** Available data follows **
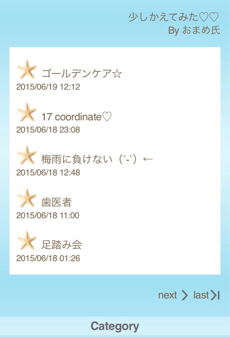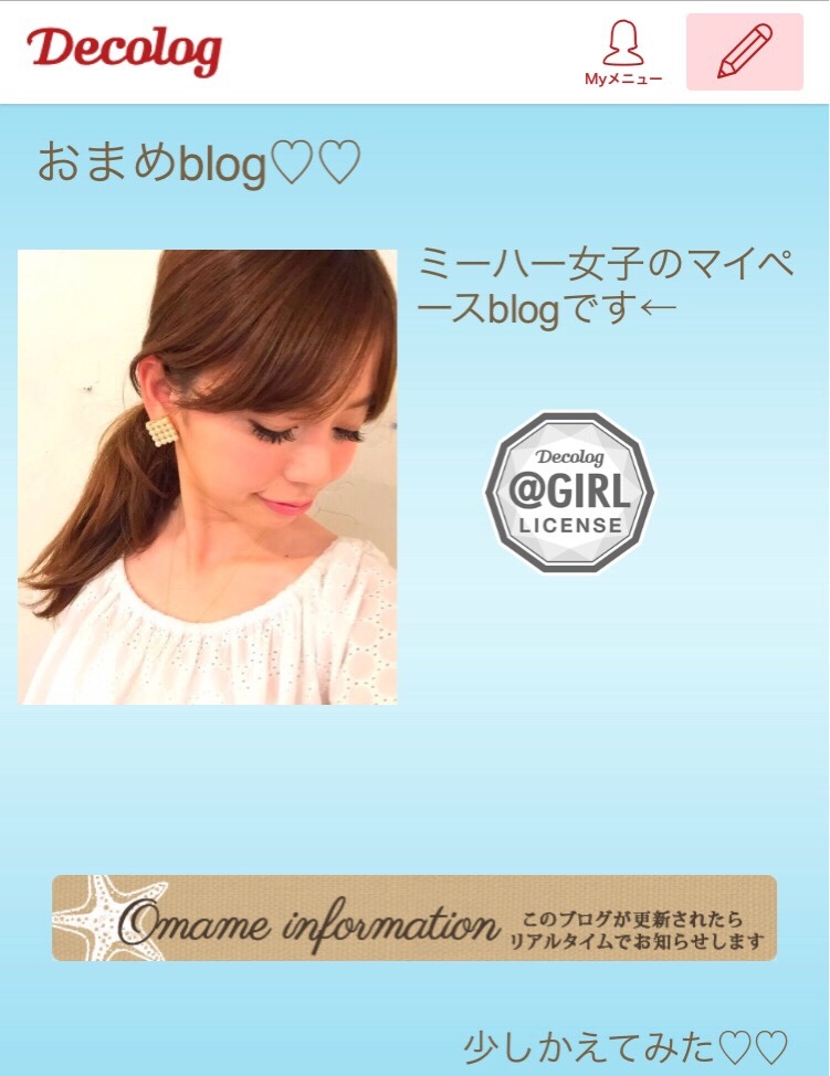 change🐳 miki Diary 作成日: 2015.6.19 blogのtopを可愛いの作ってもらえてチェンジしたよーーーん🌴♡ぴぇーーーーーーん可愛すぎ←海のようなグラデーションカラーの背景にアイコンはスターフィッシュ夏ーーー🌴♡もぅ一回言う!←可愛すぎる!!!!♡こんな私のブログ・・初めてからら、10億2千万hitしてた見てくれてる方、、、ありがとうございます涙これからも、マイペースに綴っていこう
** End of Available data **
** Available data follows **
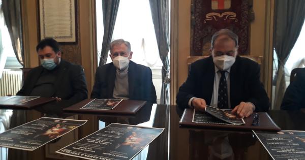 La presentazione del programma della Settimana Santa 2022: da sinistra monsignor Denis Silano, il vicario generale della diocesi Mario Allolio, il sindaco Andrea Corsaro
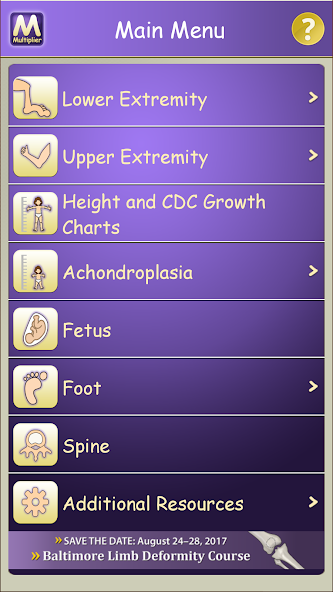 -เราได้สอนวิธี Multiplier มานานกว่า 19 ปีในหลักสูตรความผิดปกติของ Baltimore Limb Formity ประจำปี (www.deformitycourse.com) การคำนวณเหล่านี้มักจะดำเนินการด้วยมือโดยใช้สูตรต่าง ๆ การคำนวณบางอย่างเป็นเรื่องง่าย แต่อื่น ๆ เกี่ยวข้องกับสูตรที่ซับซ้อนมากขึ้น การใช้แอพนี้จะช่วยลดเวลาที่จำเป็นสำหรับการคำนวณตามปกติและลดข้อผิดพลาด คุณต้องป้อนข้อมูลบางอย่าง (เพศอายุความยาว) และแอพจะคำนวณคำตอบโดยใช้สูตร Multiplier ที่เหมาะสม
** End of Available data **
**Problem to solve:** Above are some records. Output exactly the lines from the one that contains "La presentazione del" to the one that contains "-เราได้สอนวิธี Multiplier มานานกว่า", keeping both, and omit the pictures.

**Reply:**
 La presentazione del programma della Settimana Santa 2022: da sinistra monsignor Denis Silano, il vicario generale della diocesi Mario Allolio, il sindaco Andrea Corsaro
 -เราได้สอนวิธี Multiplier มานานกว่า 19 ปีในหลักสูตรความผิดปกติของ Baltimore Limb Formity ประจำปี (www.deformitycourse.com) การคำนวณเหล่านี้มักจะดำเนินการด้วยมือโดยใช้สูตรต่าง ๆ การคำนวณบางอย่างเป็นเรื่องง่าย แต่อื่น ๆ เกี่ยวข้องกับสูตรที่ซับซ้อนมากขึ้น การใช้แอพนี้จะช่วยลดเวลาที่จำเป็นสำหรับการคำนวณตามปกติและลดข้อผิดพลาด คุณต้องป้อนข้อมูลบางอย่าง (เพศอายุความยาว) และแอพจะคำนวณคำตอบโดยใช้สูตร Multiplier ที่เหมาะสม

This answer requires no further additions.